Minimax-Optimal Policy Regret in Partially Observable Markov Games
For researchers in reinforcement learning and game theory, this provides the first minimax-optimal policy regret bounds in POMGs, addressing a fundamental challenge of learning under partial observability and strategic adversaries.
The paper tackles policy regret minimization in partially observable Markov games against strategic adversaries. It proves that an epoch-based optimistic maximum-likelihood algorithm achieves Õ(√T) policy regret, with matching lower bounds.

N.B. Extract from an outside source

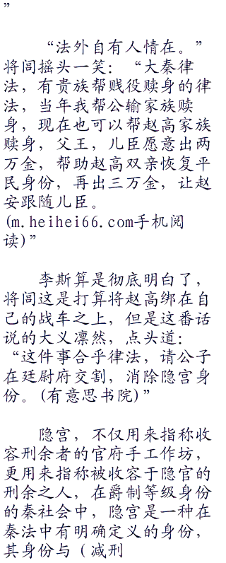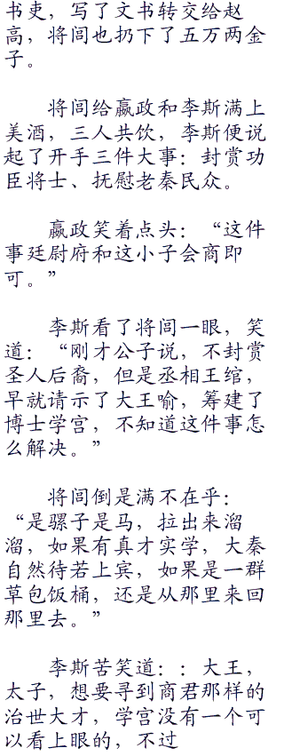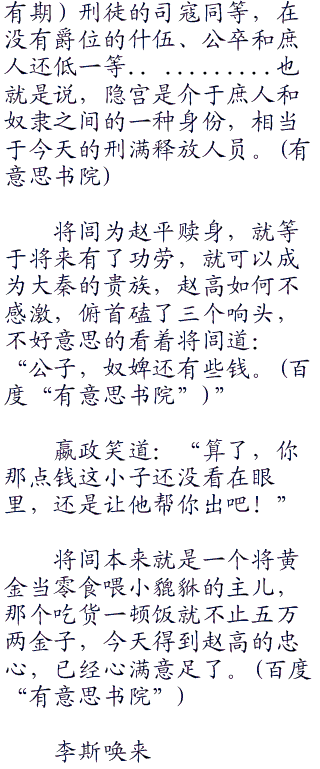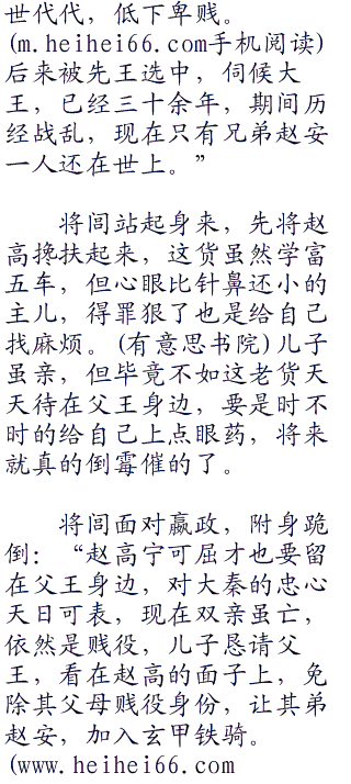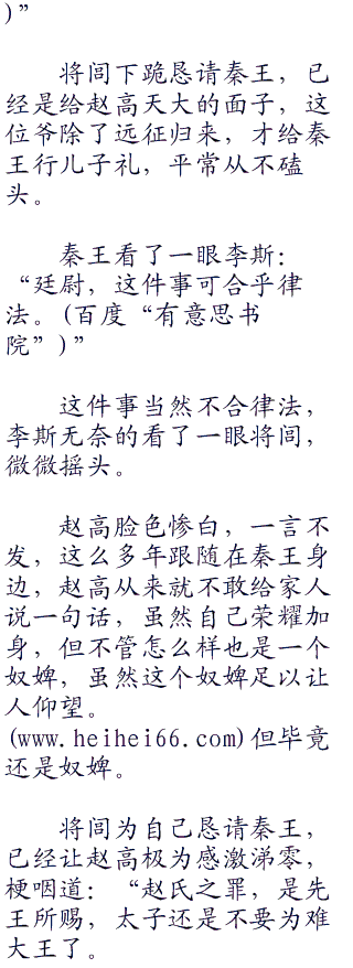 将闾认真的看着秦王道:“父王,赵高之才,不亚于廷尉,窝在宫中实在太委屈了,儿子斗胆,为赵高请命,放他出来做官吧!”

We study sequential decision-making in partially observable environments against strategic, adaptive opponents, modeled as partially observable Markov games (POMGs). The central challenge is to learn latent dynamics from partial observations while facing an adversary whose behavior depends on the learner's strategy, making standard regret notions inadequate. We prove that an epoch-based optimistic maximum-likelihood algorithm achieves $\tilde{O}(\sqrt{T})$ policy regret for fixed problem parameters, with explicit dependence on the horizon, adversary memory, confidence radius, and the aggregate Eluder dimension of the observable-operator class. The algorithm selects one policy per geometrically growing epoch using confidence sets built cumulatively from past data, which keeps the cost of comparing adversary responses across policies logarithmic in $T$. We also prove a lower bound matching the $\sqrt{T}$ and aggregate-Eluder-dimension dependence, up to problem-dependent and logarithmic factors. Finally, we extend the framework to horizon-adaptive guarantees and adversaries with geometric fading memory.